There are a lot of reports coming out that are BS, but passed on as fact. Here is an example of a USA Today published a piece that is complete garbage, but everyone accepts as fact because there was a study done and the study said so.
This particular study claimed there was some insane amount of money wal-mart employees were getting from the government to subsidize their income.
"USA Today's editors apparently didn't bother to look into that ATF report before publishing this piece, so we did. The ATF — a coalition of union and liberal advocacy groups — based its findings on a 2013 report written by Democrats on the House Education and the Workforce Committee. In other words, none of these sources is objective by any means.
House Democrats based their findings on data from one state — Wisconsin. They found that 3,216 Wal-Mart workers were enrolled in the state's Medicaid program. Based on this number, the report calculates that a Wal-Mart Supercenter cost taxpayers between $904,542 and $1.7 million a year.

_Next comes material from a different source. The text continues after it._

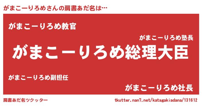 | 欧米人風あだ名 | 『がまこーりろめクリステル』 |

To get that number, Democrats assumed that everyone enrolled in Medicaid is also enrolled in every other public program available for low-income families — including food stamps, subsidized housing, child care subsidies, the Earned Income Tax Credit, and more — which accounted for 72% of the supposed taxpayer costs.
Plus, the report admits that "extrapolating taxpayer costs for Wal-Mart stores in other states based on the Wisconsin data is difficult" in large part because the state had looser rules for who could enroll in Medicaid.
No matter. Americans for Tax Fairness simply took this already grossly inflated number and applied it to the rest of the nation. And voila, it came up with its $6.2 billion "Wal-Mart Tax."